SubmittedFriday, 03 May 2019
Berlioz’s passion was at once rekindled
After a time Henrietta reappeared. She had now lost her youth and her power; her beauty was waning, and she was in debt. Berlioz’s passion was at once rekindled. This time Henrietta accepted his advances. He made alterations in his symphony, and offered it to her in homage of his love. He won her, and married her, with fourteen thousand francs debt. He had captured his dream–Juliet! Ophelia! What was she really? A charming Englishwoman, cold, loyal, and sober-minded, who understood nothing of his passion; and who, from the time she became his wife, loved him jealously and sincerely, and thought to confine him within the narrow world of domestic life. But his affections became restive, and he lost his heart to a Spanish actress (it was always an actress, a virtuoso, or a part) and left poor Ophelia, and went off with Marie Recio, the Inès of Favorite, the page of Comte Ory–a practical, hardheaded woman, an indifferent singer with a mania for singing. The haughty Berlioz was forced to fawn upon the directors of the theatre in order to get her parts, to write flattering notices in praise of her talents, and even to let her make his own melodies discordant at the concerts he arranged.[18] It would all be dreadfully ridiculous if this weakness of character had not brought tragedy in its train.
So the one he really loved, and who always loved him, remained alone, without friends, in Paris, where she was a stranger. She drooped in silence and pined slowly away, bedridden, paralysed, and unable to speak during eight years of suffering.

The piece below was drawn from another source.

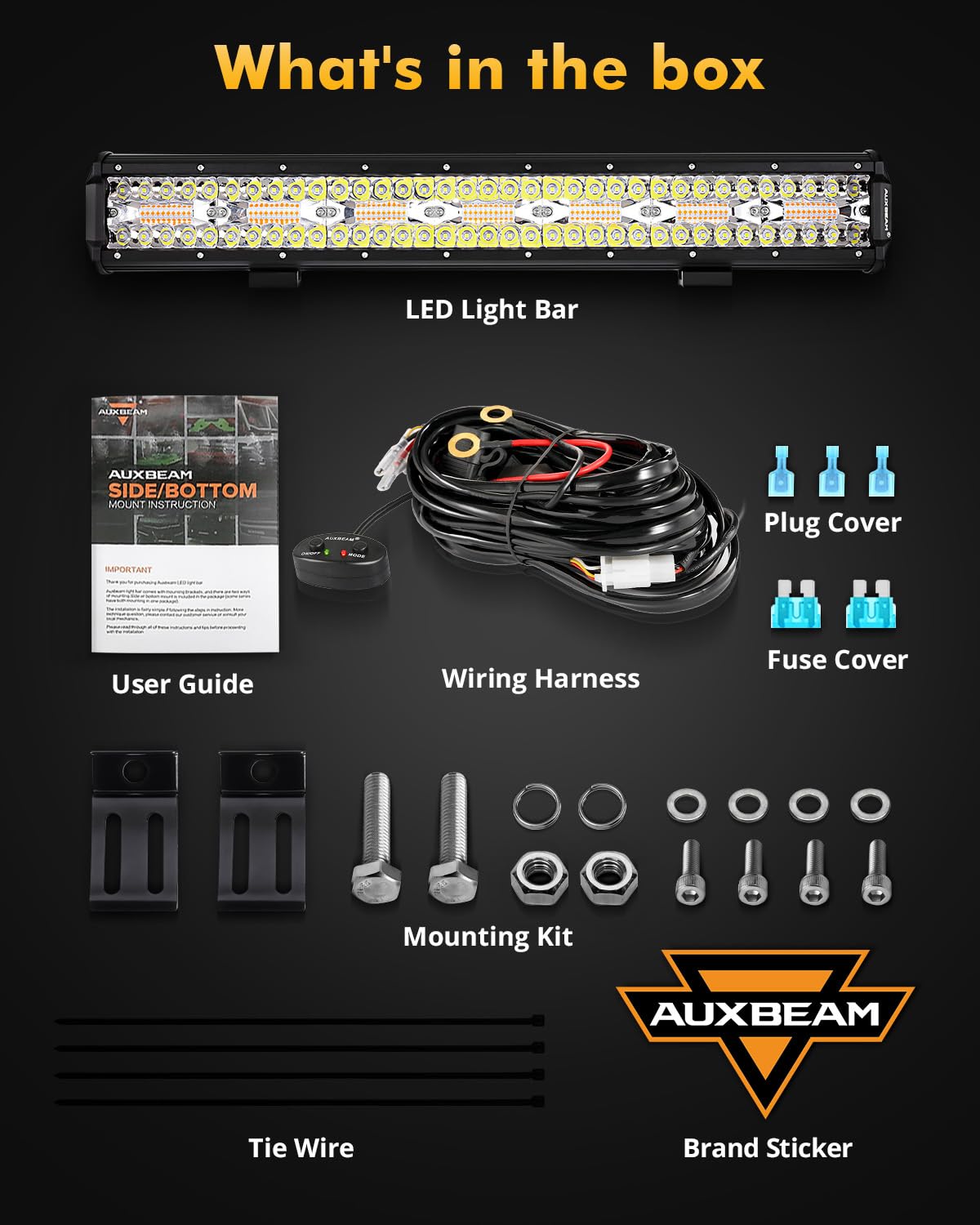 Q: What comes included in the Auxbeam LED Light Bar package?A: The package includes one 20 inch LED Light Bar, a 10FT customized wiring harness with one lead, and a set of mounting accessories. This comprehensive package provides everything you need for installation right out of the box.

Berlioz suffered too, for he loved her still and was torn with pity–«pity, the most painful of all emotions.»[19] But of what use was this pity? He left Henrietta to suffer alone and to die just the same. And, what was worse, as we learn from Legouvé, he let his mistress, the odious Recio, make a scene before poor Henrietta.[20] Recio told him of it and boasted about what she had done.
[Footnote 18: «Isn’t it really devilish,» he said to Legouvé, «tragic and silly at the same time? I should deserve to go to hell if I wasn’t there already.»]
[Footnote 19: Mémoires, II, 335. See the touching passages he wrote on Henrietta Smithson’s death.]
[Footnote 20: «One day, Henrietta, who was living alone at Montmartre, heard someone ring the bell, and went to open the door.